**What to work on:** Work through the material below and tally the lines holding "ทยานน"; only the tally should be returned.

**Source records:**
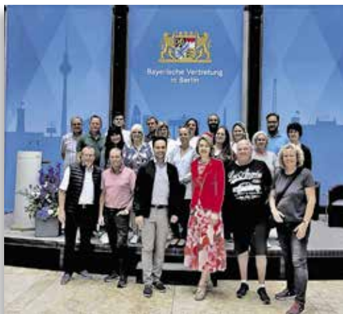
Bay. Vertretung Berlin
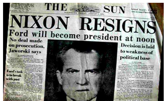
Een krant uit 1974 met het bericht dat president Nixon is afgetreden vanwege het Watergateschandaal.

Dit enorme gebouw staat in de Amerikaanse hoofdstad Washington. Het heet Watergate en is wereldberoemd geworden door een inbraak. Medewerkers van de Republikeinse president Nixon gaven opdracht in te breken in het hoofdkwartier van de Democratische Partij. Er waren namelijk presidentsverkiezingen op komst en dan is het prettig als je weet wat de Democratische presidentskandidaat voor plannen heeft. Ontdek maar hoe dat afloopt.
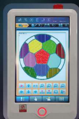
Шаг 1: превью дизайна

Запуск дизайна на вышивку в 4 простых последовательных шага
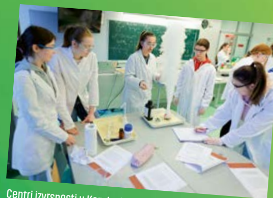
Centri izvrsnosti u Koprivnici, Križevcima i Đurđevcu

Priprema dokumentacije za novi investicijski ciklus - prijava na EU fondove, stvaranje još boljih materijalnih uvjeta obrazovanja.
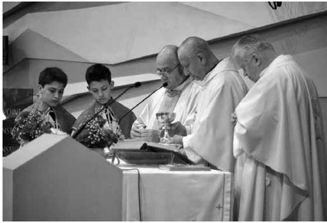
Sveta daritev za žrtve

Letos pa je malenkostna sprememba vnesla nove okoliščine. Verjetno je bilo prvič, da je spominsko slavlje potekalo dopoldan. Ideja, sad mladih voditeljev, se je porodila na Medorganizacijskem svetu. Na to nedeljo ni
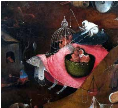
© Jérôme Bosch, Le dernier jugement de Bruges
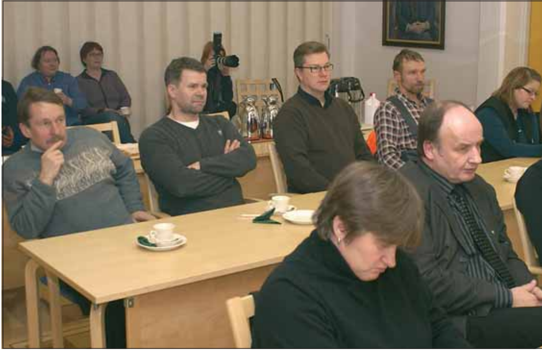
Illan teemat kiinnostivat osallistujia. Keskusteluunkin oli varattu aikaa, mutta rupattelu jäi pariin puheenvuoroon.
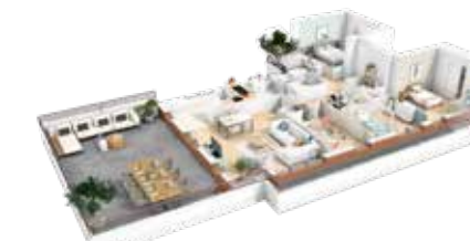
5 pièces (lot b503)
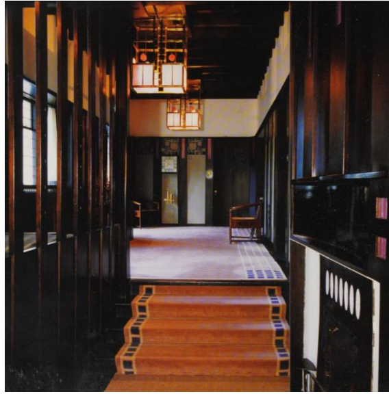
Slika 5. Mackintosh, Ulazni dio kuće Hill House , Helensburgh, Škotska, 1902.
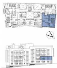
APARTAMENTO B 2 DORMITORIOS PLANTA SEGUNDA
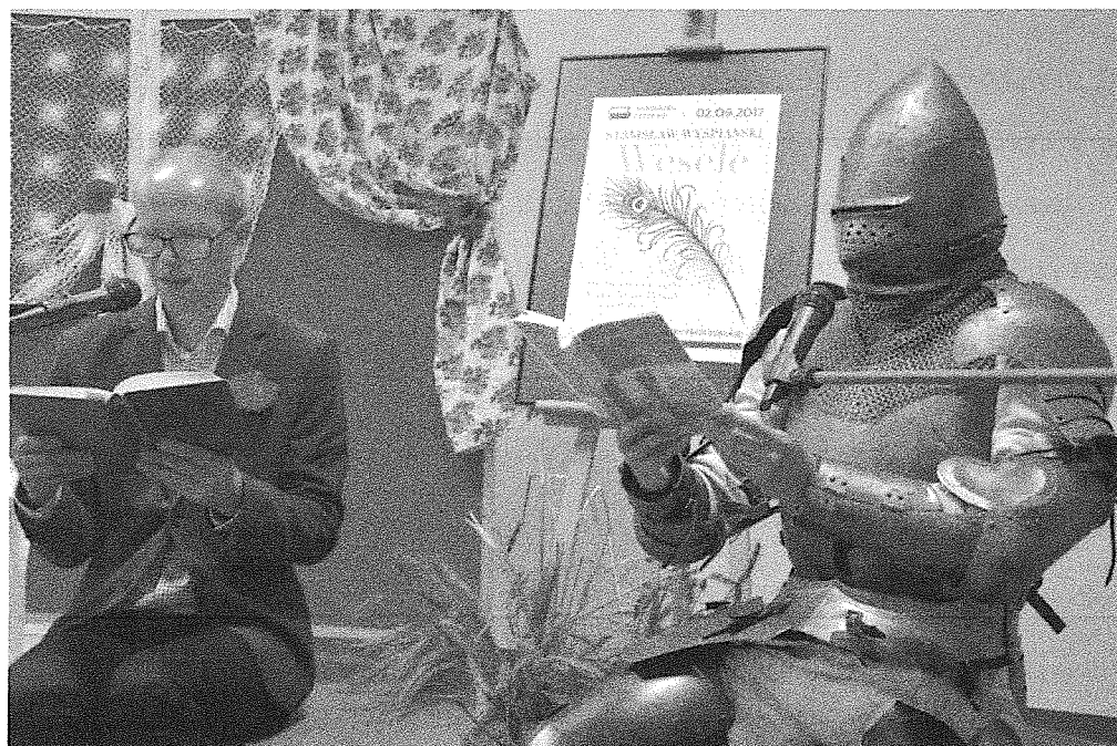
Narodowe Czytanie „Wesela” Stanisława Wyspiańskiego

Prowadzenie działalności kulturalnej i edukacyjnej promującej książki i bibliotekę w środowisku lokalnym poprzez organizację spotkań autorskich, wystaw tematycznych, konkursów czytelniczych. Działanie odpowiada na potrzebę poczucia tożsamości i wspólnoty z mieszkańcami gminy, na potrzebę samorealizacji i aktywności społecznej. Odpowiedzialny za realizację tego zadania będzie zespół pracowników biblioteki, któremu konieczne będą odpowiednie środki finansowe na zakup materiałów do organizacji wystaw, konkursów, spotkań, na honoraria dla autorów i nagrody dla uczestników konkursów. Rezultatem zadania będzie szeroka oferta działań bibliotecznych, łatwy i powszechny dostęp do szeroko rozumianej kultury i rozrywki, przede wszystkim czytelniczej.
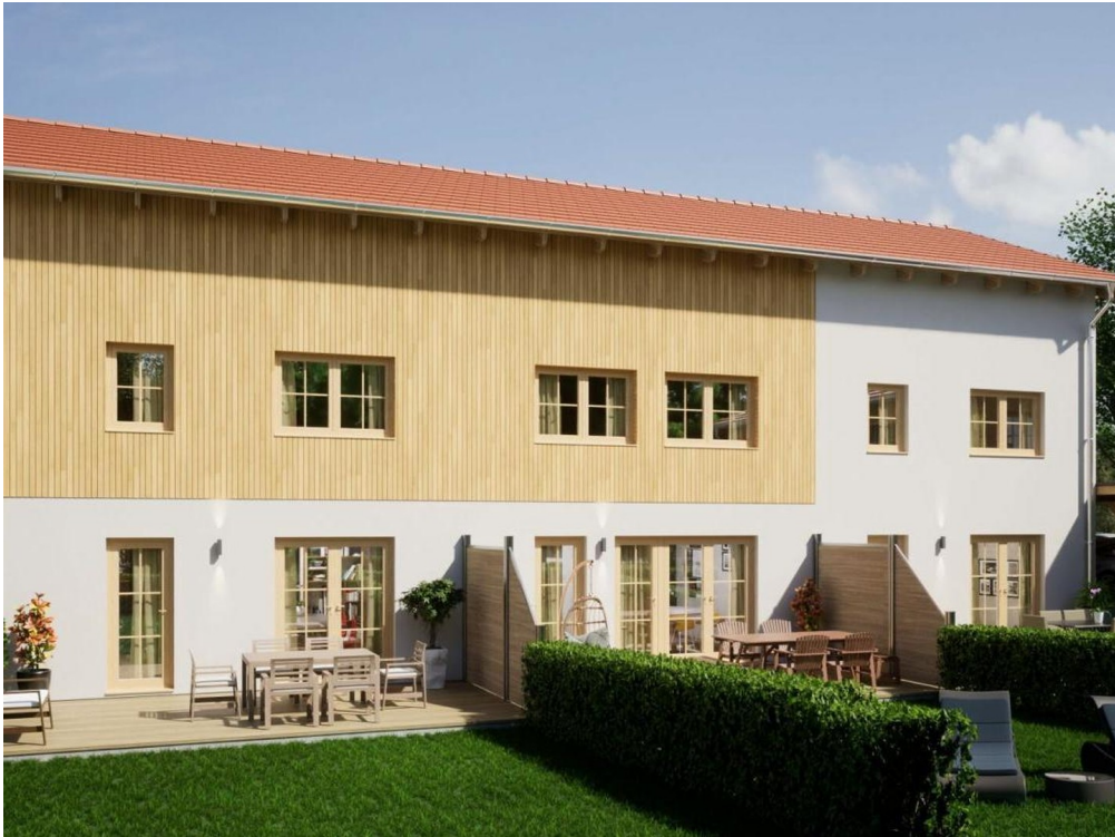
Süd Ansicht u. Terrasse
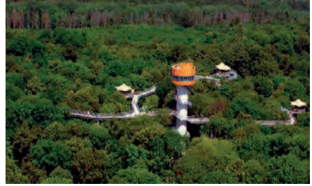
Baumkronenpfad im Hainich
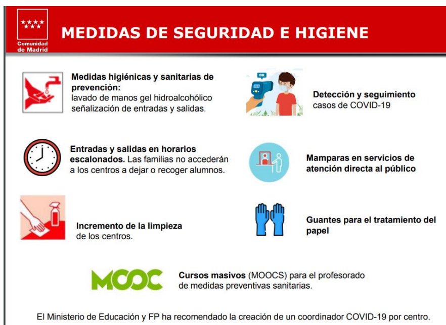
Figura 7. Medidas de Seguridad e higiene en escuelas de la Comunidad de Madrid

Todas estas medidas aún no constan formalizadas y se están revisando con cautela, pues no hay que olvidar que aún permanece el periodo de pandemia. (Consejería de Educación, Universidades, Ciencia y Portavocía, 2021).
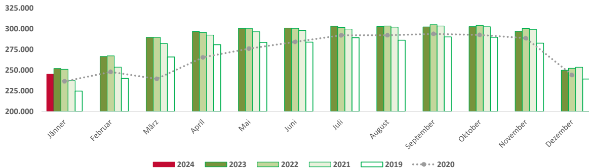
Abbildung 2: Unselbstständig Beschäftigte im Bau, Jänner 2019 bis Jänner 2024
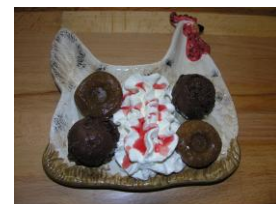
Baba du bougnat

DECouvrez AUSSI NOS CAFES, THES ET CHOCOLATS GOURMANDS !
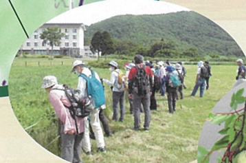
池の周りでモリアオガエルの卵塊を発見
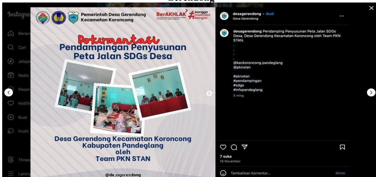
Gambar 5 Publikasi Kegiatan Pendampingan di Media Sosial Instagram Desa Gerendong
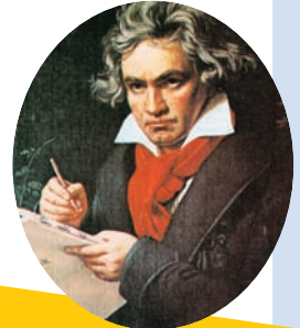
Λούντβιχ βαν Μπετόβεν
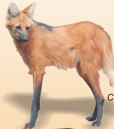
Lobo-guará Chrysocyon brachyurus avistado ○
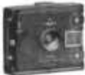
Goerz Westentaschen-Tenax gehoben im Original-Falle
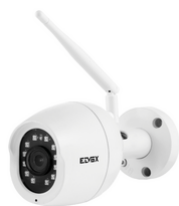
46237.040A - Kam. Bullet Wi-Fi Full-HD 1080p 4mm
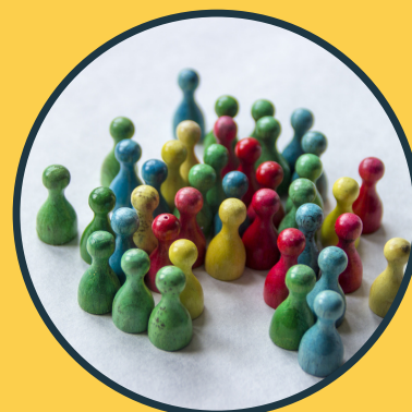
AVALIAÇÃO (MÉTODOS, INDICADORES)

No âmbito do SUAS o monitoramento é uma atividade que compõe a Vigilância Socioassistencial, por meio da qual procura-se levantar continuamente informações sobre o território e sobre os serviços ofertados à população , particularmente no que diz respeito a aspectos de sua qualidade e de sua adequação quanto ao tipo e volume da oferta. O monitoramento é fundamental para a identificação para subsidiar as estratégias de “correção dos rumos”.
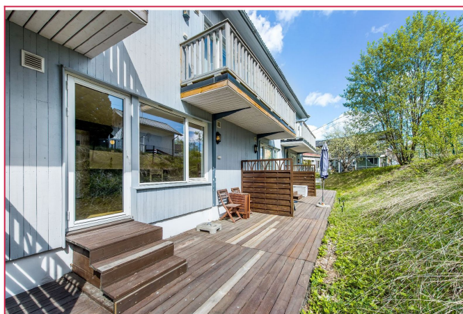
Egen markterrasse med utgang fra stue
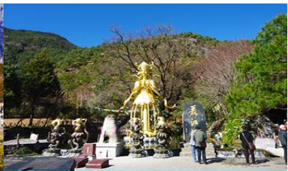
อุทยานน้ำหยก

วันที่สี่ ภูเขาหิมะมังกรหยก (รวมนั่งกระเช้าใหญ่ขึ้นลง)- หุบเขาพระจันทร์สีน้ำเงิน-น้ำตกไป๋สุ่ยเหอ ชมโชว์ IMPRESSION LIJIANG- อุทยานน้ำหยก -เมืองต้าหลี่
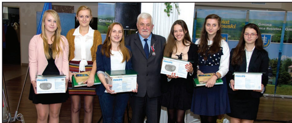
Laureaci konkursów „Manifest Pokoleniowy Młodego Polaka i Wiedzy o Patronie Powiatu Brzozowskiego” bl. Ks. Jerzym Popieluszcze wraz ze Starostą Brzozowskim

fotografii w bibliotece Ośrodka, a także w Bibliotece Pedagogicznej w Brzozowie. Nieco inny talent i umiejętności zdobyte podczas kursu florystycznego prezentowały podczas różnych imprez i spotkań uczennice Zespołu Szkół Budowlanych. Wykonane przez nie stroiki wielkanocne i ozdobne torebki przekazano mieszkańcom Domu Pomocy Społecznej w Brzozowie. Bardzo ciekawe inicjatywy pojawiły się w Zespole Szkół Ekonomicznych, gdzie przeprowadzono konkurs wewnątrzszkolny o nazwie „Jarmark Przepisów Kulinarnych – Smaki Dzieciństwa”. Uczniowie klas
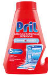
PRIL CURA LAVASTOVIGLIE 250 ML
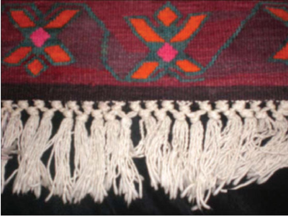
Fotoğraf 14: Cami tasvirli duvar kilimi saçak detayı
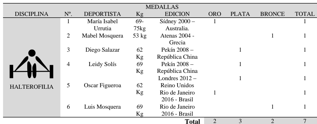
Tabla 3. Medallero Olímpico Disciplina Halterofilia (Colombia).
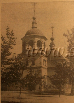
Храм Троицкий Преподобный старообрядческой общины в Москве.
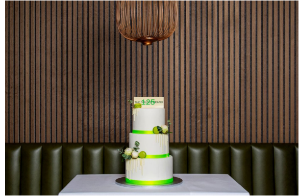
Geburtstagskuchen für das Dolder Grand

Genau am 10. Mai 2024 wurde das Dolder Grand 125 Jahre alt. Da haben wir es uns natürlich nicht entgehen lassen, mit der gesamten Belegschaft auf den historischen Tag anzustossen und das Dolder Grand hochleben zu lassen. Die hauseigene Patisserie hat zur Feier des Tages ebenfalls eine wunderschöne Torte kreiert – sie schmeckte fantastisch!
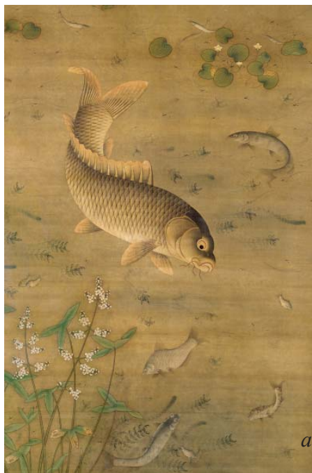
Fig. 3. Fish images in Chinese painting: a – Liu Kai. Fish swimming among falling flowers (circa 1075). Saint Louis Art Museum. https://en.wikipedia.org/wiki/File:Goldfish_in_Fish_Swimming_Amid_Falling_Flowers_by_Liu_Cai_(cropped).jpg ; б – МяоФу. Fish and aquatic grass. 15th c. Ming dynasty. The Palace Museum, Taipei (Taiwan).

Рис. 3. Изображения рыб в китайской живописи: a – Лю Кай. Рыбы, плавающие среди опадающих цветов (ок. 1075). Saint Louis Art Museum. https://en.wikipedia.org/wiki/File:Goldfish_in_Fish_Swimming_Amid_Falling_Flowers_by_Liu_Cai_(cropped).jpg ; б – МяоФу. Рыба и водная трава. 15th c. Династия Мин. Дворцовый музей, Тайбей (Тайвань).
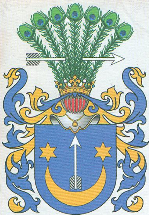
Герб Сас. Суспільне надбання

Вінницької гімназії (1820 р.), Крем'янецького ліцею (1825 р.). Учасник з'їзду «Народного патріотичного товариства» та російських «декабристів» (м. Житомир, 1825 р.), прихильник ідеї державної незалежності «Малоросії». Учасник антиімперського, національно-визвольного Листопадового повстання 1830—1831 рр., відбув ув'язнення (1830—1832 рр.). Проживав у власному маєтку в с. Махнівці (сучасне с. Комсомольське Козятинського району Вінницької області) Бердичівського району Житомирської області.
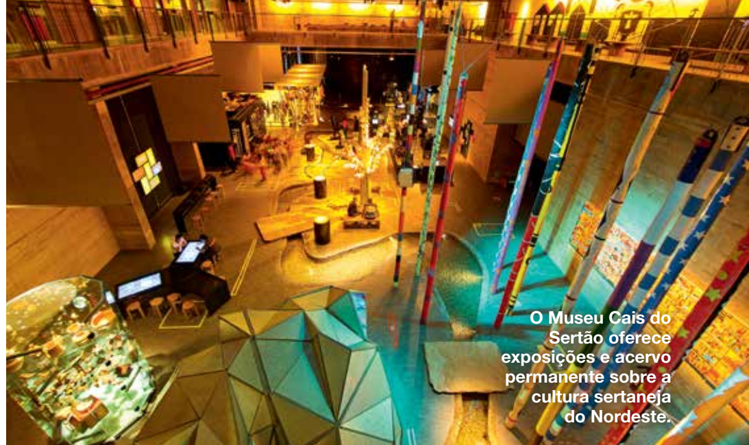
O Museu Cais do Sertão oferece exposições e acervo permanente sobre a cultura sertaneja do Nordeste.

São 482 anos de história, arte, cultura, gastronomia e atrativos que a capital pernambucana pode oferecer ao turista, que é muito bem vindo para conhecer “Esse é o Meu Recife”, campanha desenvolvida pela Secretaria de Turismo, Esporte e Lazer. “Existem cidades singulares, que enchem os olhos de quem conhece e transforma viajantes experientes em marinheiros de primeira viagem, deslumbrados com cores, cheiros, sabores, sons e sensações. Essa

**Written reply:** 2